それ以来、竹芝とは会話をしていない。僕が授業に出ないので、大学で会うこともない。竹芝は、あのセミナーで、がんじがらめに縛られて、それに一種のエクスタシーを感じるかのような生活をしているのだろうか。時々、ふと、強烈に竹芝のことを思い出してしまう。あの、喜々とした表情。どこから来るのか分からないみなぎり。不思議なことが、たくさん起こるといった、セミナー。僕は、仮想現実の中でも、エリアスポットを絞り、御徒町にズームすることが増えた。「ハッピー・セミナー」という言葉をタグにして、呼びかけてみる。「だれか、ハッピー・セミナーに通っている人、または、知っている人」。そんな僕の呼びかけに、応えるものは一人もいなかった。考えてみれば、当然かも知れない。ハッピー・セミナーに行く人は、現実社会で抗っている。現実に疲れてもなお、対処法を現実社会で見つけようとしている。そんな人達が、逃げ込むところは、仮想ではなく、あくまでも現実なのだ。そもそもの思考に違いがある。

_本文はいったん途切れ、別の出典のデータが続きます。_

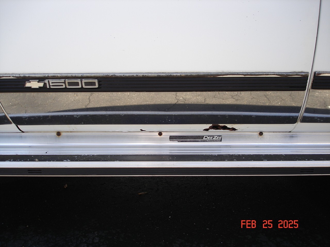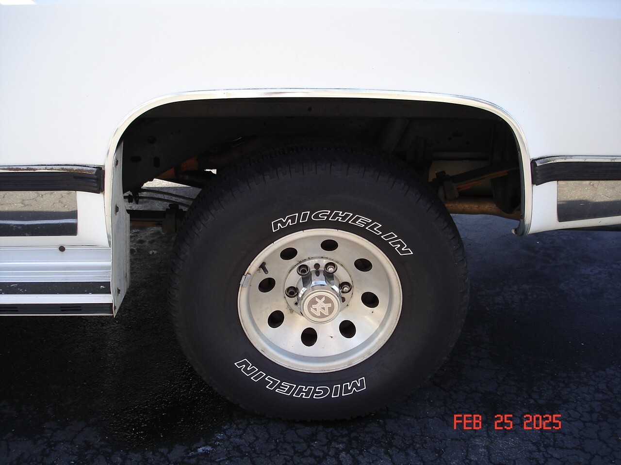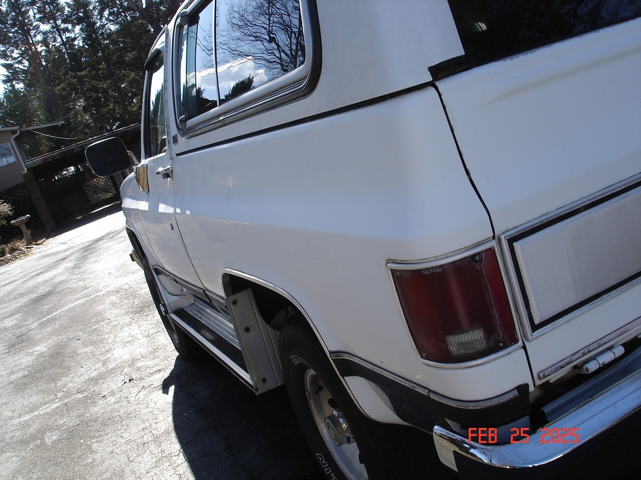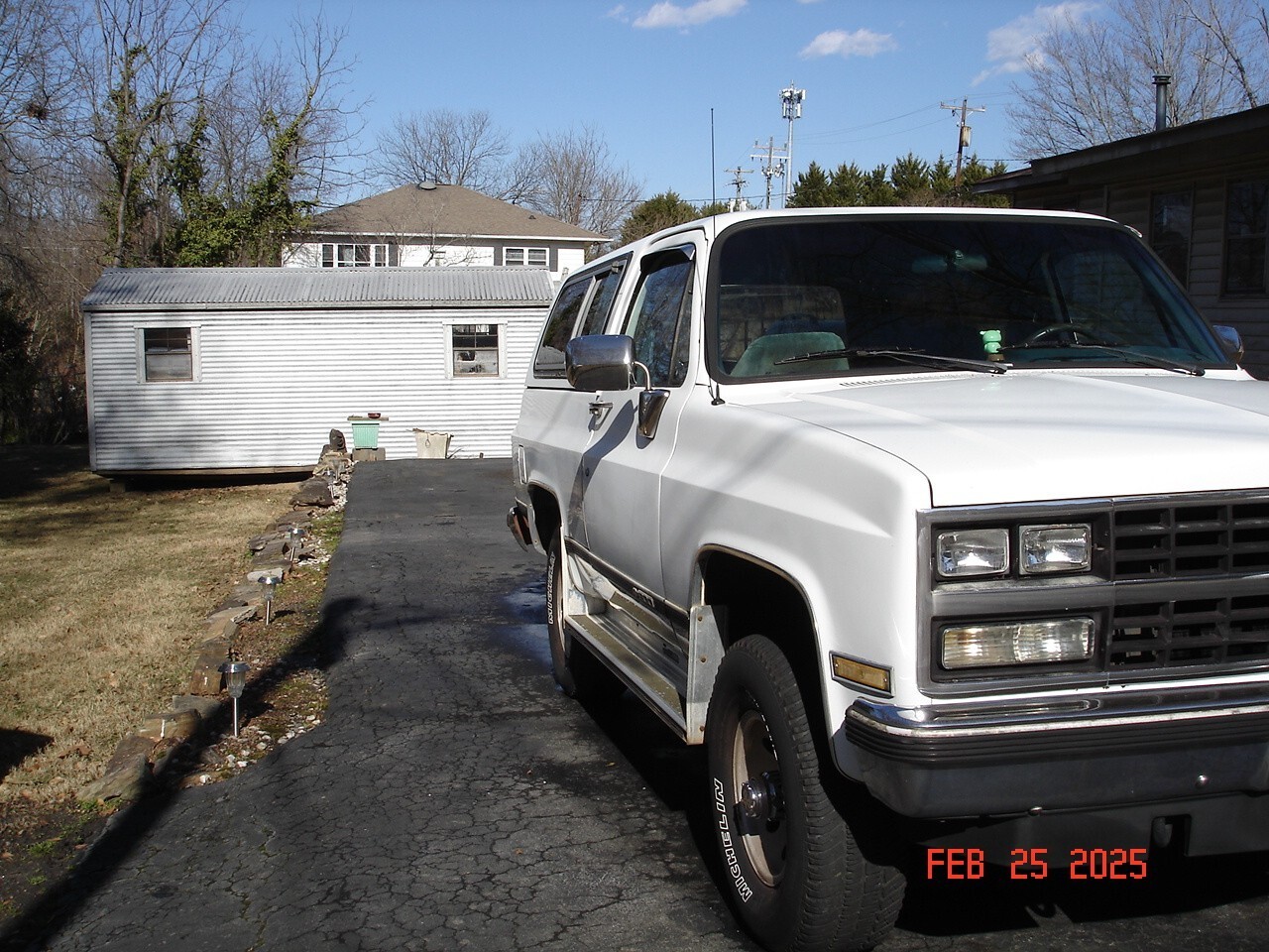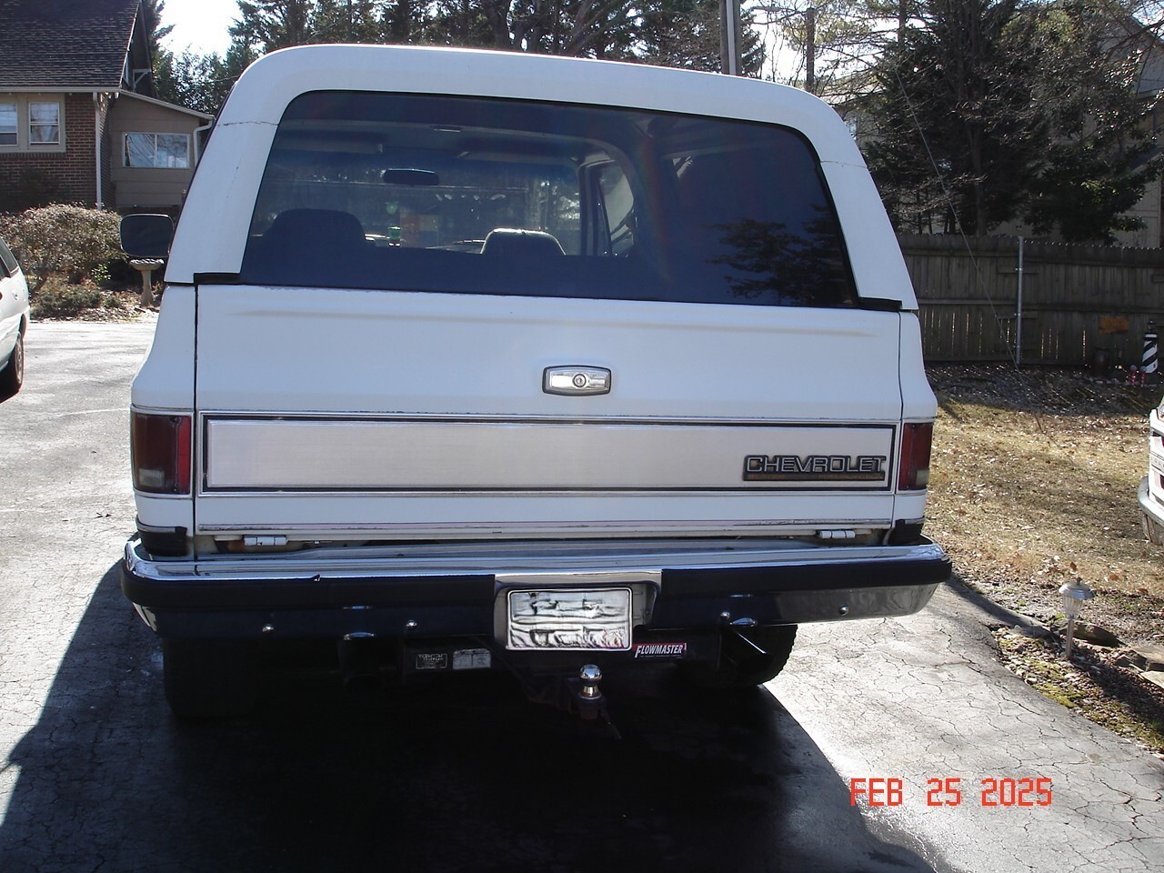 The 1989 Chevrolet Blazer with running boards has a blue interior and white exterior and is a classic SUV featuring a 5.7L V8 engine, automatic transmission, and is a 4WD drive. This vehicle is a 1 owner and has a mileage of 194,500. It comes with various features such as power windows, air conditioning (does not work), cruise control, radio with cassette player (does not work) and a trailer hitch. The Blazer also has cloth seats, a tilt steering wheel, and power steering, making it a comfortable and versatile option for off-road adventures or everyday use. It is a true square-body classic with all original features including the spare tire that has never been used, user manual and strong mechanical performance. It is perfect for collectors, off-roaders (even though it has never been off road), or for restoration enthusiasts. The removeable top has never been removed!

呼びかけても応答のないセミナー。これだけ情報が溢れているのに、そこでも、ひっかかるものが一つもない。僕は、心のどこかで、「ハッピー・セミナー被害者の会」のようなものがあるのではないかと疑っていた。そして、そのことを竹芝が知らないなら、一刻も早く知らせなければいけない、とも思っていた。そもそも、毎日セミナーに通って、どのくらいのお金を払っているのだろうか。たぶん、最初はそんなに高くないだろう。そうして、考え方を調教してから、じっくりと資産を吸い取るつもりだろう。そのことの証拠、被害者の声がないかどうか。僕は、そのセミナーの存在が、カーンなる教祖のような人物が、どんどん悪しき者として増長され、竹芝を救い出すことが使命ではないか、とさえ考えるようになった。
僕がカーンに会ったのは、夏の暑い日だった。